(Dataset records begins)
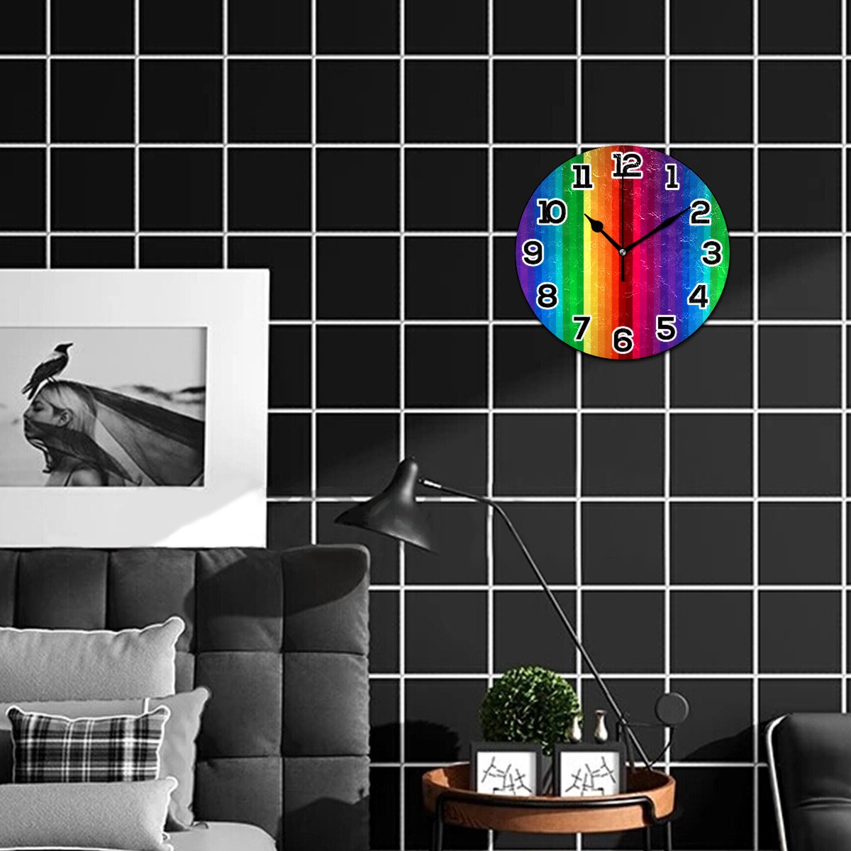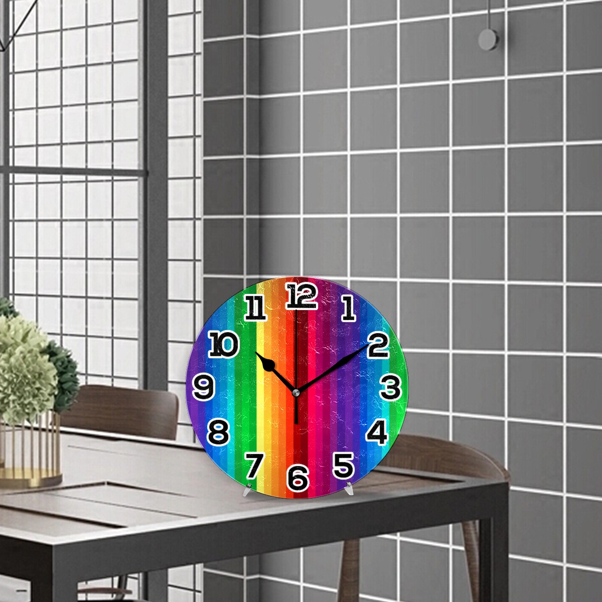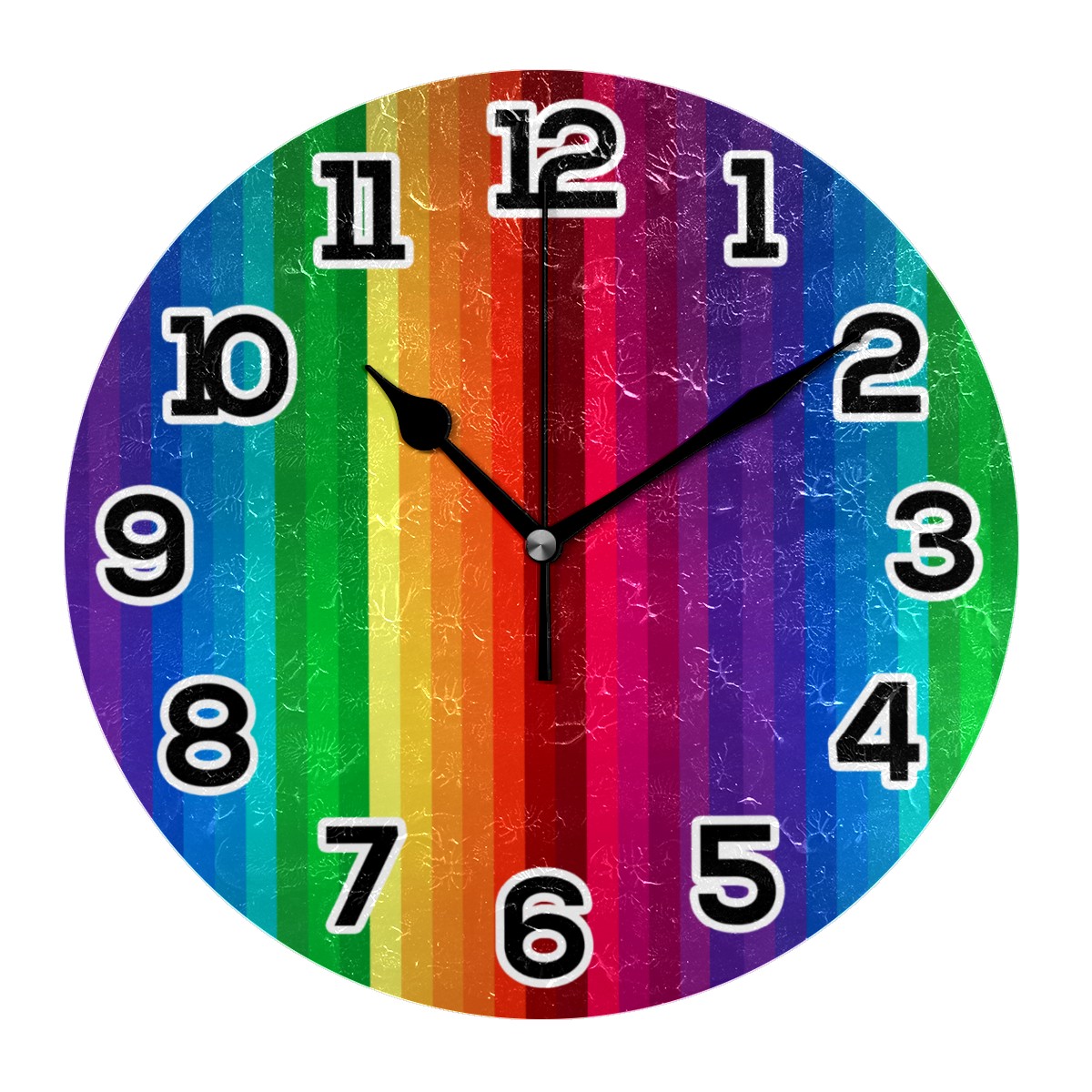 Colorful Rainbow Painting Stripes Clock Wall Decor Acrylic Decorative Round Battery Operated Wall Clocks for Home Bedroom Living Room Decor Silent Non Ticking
(Dataset records ends)
(Dataset records begins)
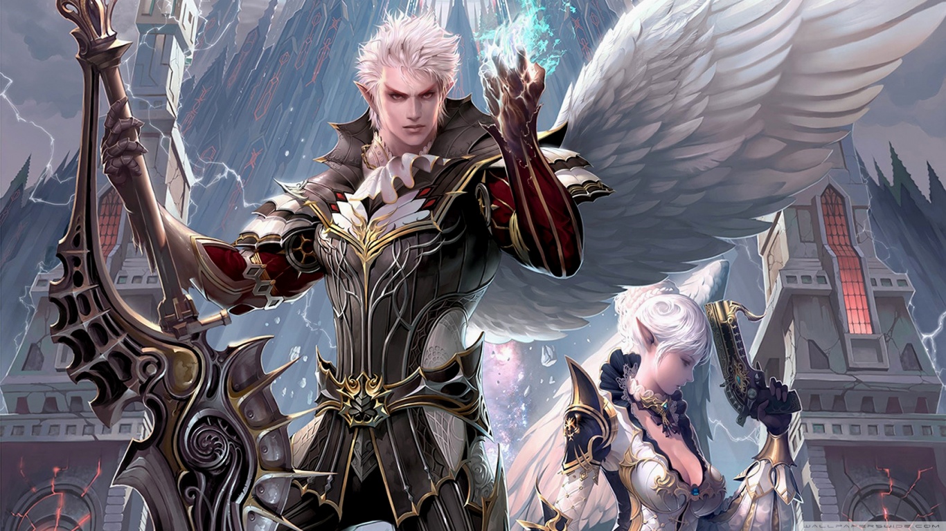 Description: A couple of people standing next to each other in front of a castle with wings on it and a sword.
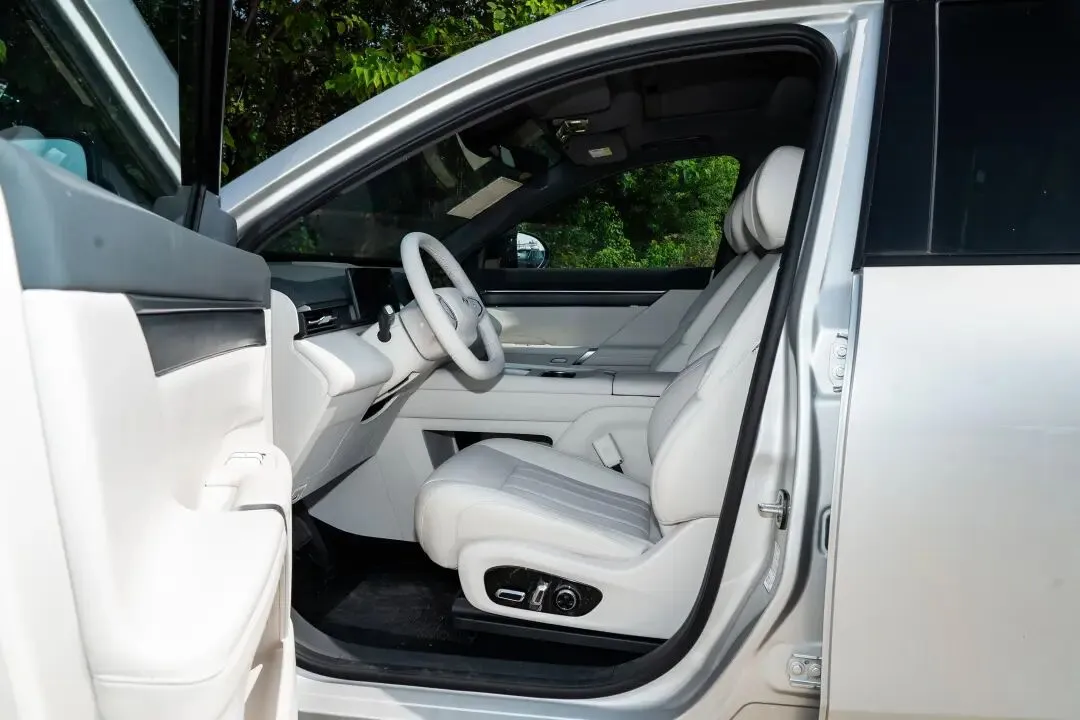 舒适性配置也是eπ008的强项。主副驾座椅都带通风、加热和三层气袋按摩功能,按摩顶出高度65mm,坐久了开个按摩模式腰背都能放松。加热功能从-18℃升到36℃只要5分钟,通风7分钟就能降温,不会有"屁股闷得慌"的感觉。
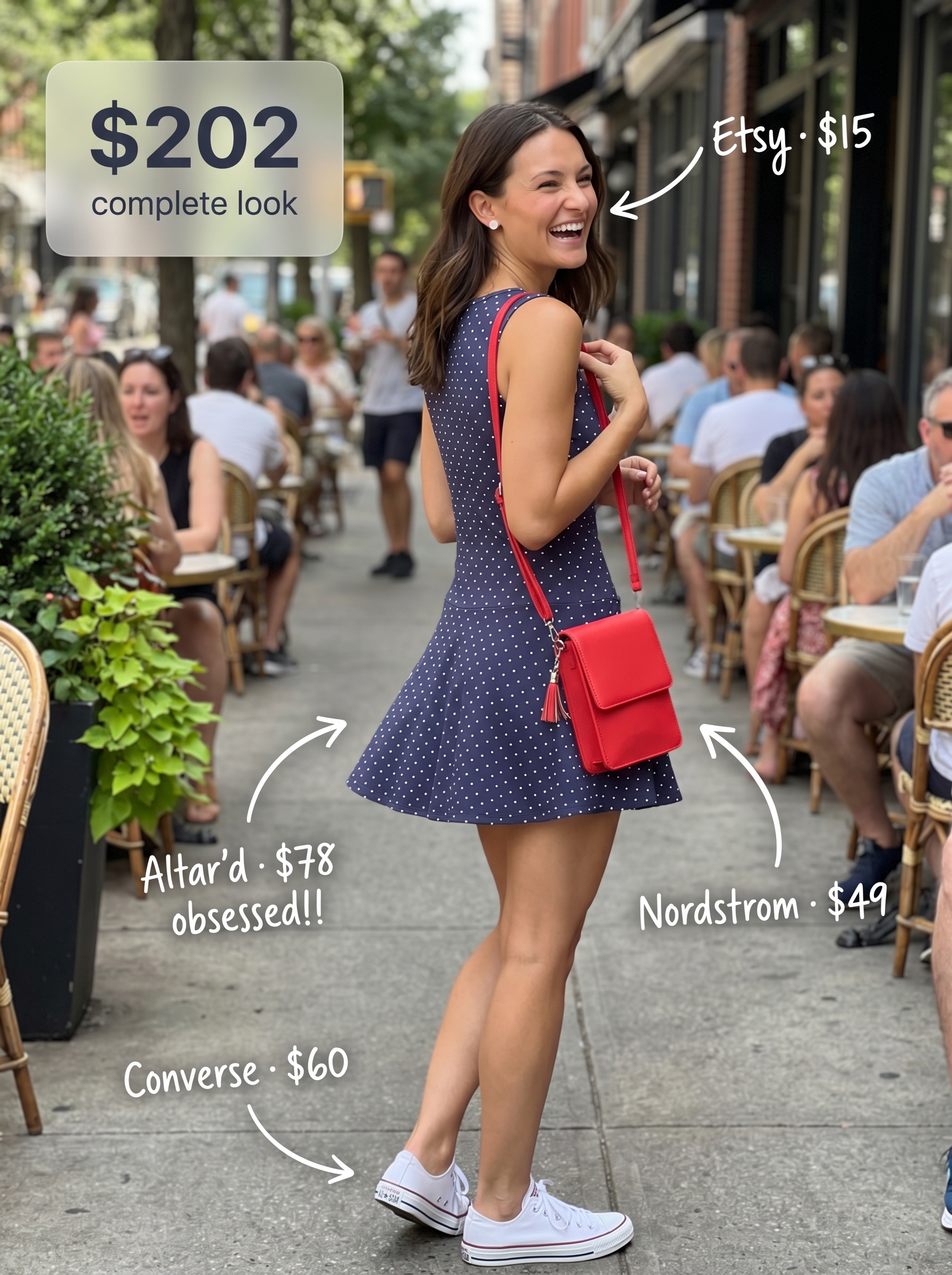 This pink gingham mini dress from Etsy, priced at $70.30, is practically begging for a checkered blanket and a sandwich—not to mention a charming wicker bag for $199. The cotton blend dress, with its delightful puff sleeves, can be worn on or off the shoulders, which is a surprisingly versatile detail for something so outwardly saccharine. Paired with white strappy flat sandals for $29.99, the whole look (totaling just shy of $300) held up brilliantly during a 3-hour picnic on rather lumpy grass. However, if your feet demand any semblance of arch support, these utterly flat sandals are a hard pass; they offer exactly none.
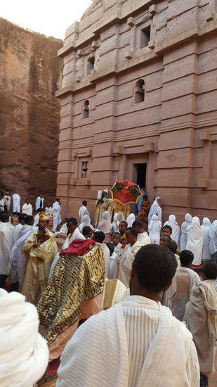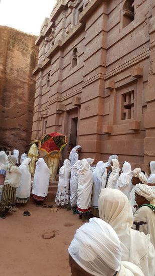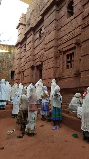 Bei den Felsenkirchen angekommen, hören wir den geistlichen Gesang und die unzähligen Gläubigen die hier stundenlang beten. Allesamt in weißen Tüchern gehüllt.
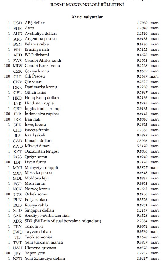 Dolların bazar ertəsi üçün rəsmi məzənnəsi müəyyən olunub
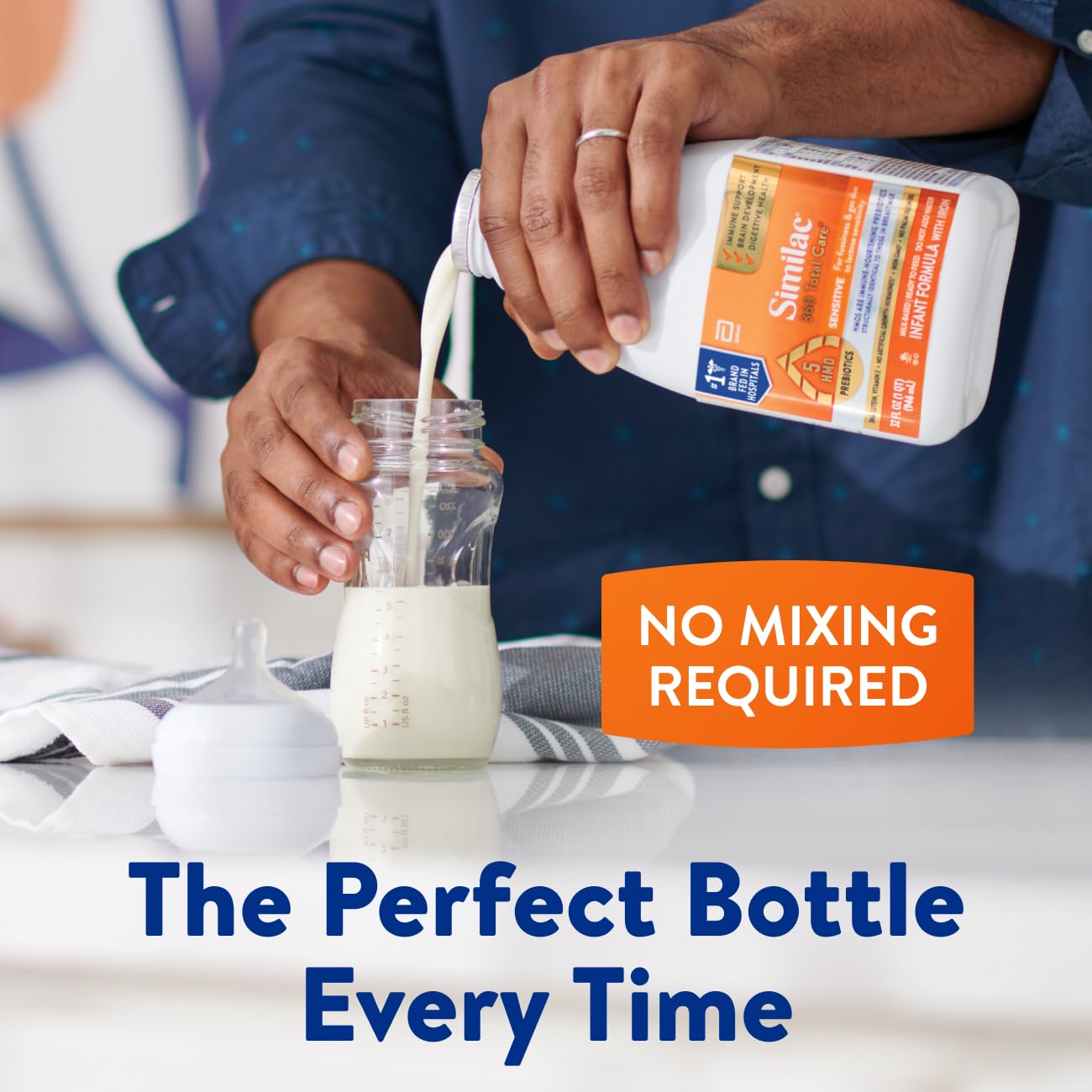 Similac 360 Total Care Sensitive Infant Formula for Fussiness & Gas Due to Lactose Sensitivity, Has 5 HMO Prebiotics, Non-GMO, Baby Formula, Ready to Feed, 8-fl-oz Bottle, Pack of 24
(Dataset records ends)
(Dataset records begins)
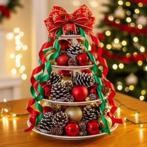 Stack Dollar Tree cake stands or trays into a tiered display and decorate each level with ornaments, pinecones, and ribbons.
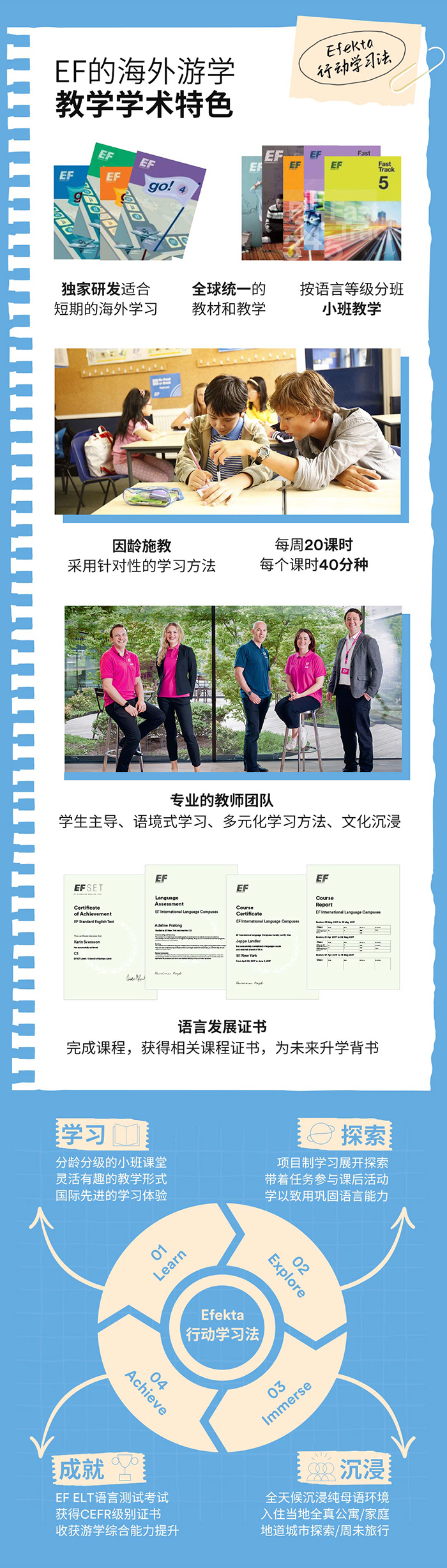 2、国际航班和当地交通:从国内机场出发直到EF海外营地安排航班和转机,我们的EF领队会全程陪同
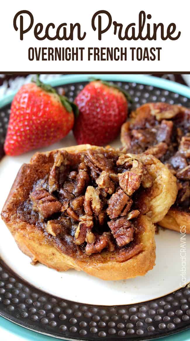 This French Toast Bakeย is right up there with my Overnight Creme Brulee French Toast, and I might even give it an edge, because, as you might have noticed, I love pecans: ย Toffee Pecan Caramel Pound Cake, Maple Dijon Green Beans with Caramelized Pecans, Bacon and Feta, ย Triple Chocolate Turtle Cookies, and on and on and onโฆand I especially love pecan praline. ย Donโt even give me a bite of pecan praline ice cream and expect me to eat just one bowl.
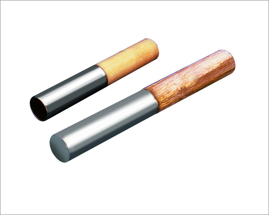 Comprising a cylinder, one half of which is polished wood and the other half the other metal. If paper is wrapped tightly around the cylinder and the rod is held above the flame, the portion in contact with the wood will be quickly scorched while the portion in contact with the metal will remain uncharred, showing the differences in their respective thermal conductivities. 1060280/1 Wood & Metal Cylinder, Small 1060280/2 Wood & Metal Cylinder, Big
(Dataset records ends)
▸ **Aim of the task**: Return exactly the stretch above whose first line contains "Bei den Felsenkirchen" and whose last line contains "Similac 360 Total", and nothing outside it. The pictures should not appear.

▸ **Output of the task**:
 Bei den Felsenkirchen angekommen, hören wir den geistlichen Gesang und die unzähligen Gläubigen die hier stundenlang beten. Allesamt in weißen Tüchern gehüllt.
 Dolların bazar ertəsi üçün rəsmi məzənnəsi müəyyən olunub
 Similac 360 Total Care Sensitive Infant Formula for Fussiness & Gas Due to Lactose Sensitivity, Has 5 HMO Prebiotics, Non-GMO, Baby Formula, Ready to Feed, 8-fl-oz Bottle, Pack of 24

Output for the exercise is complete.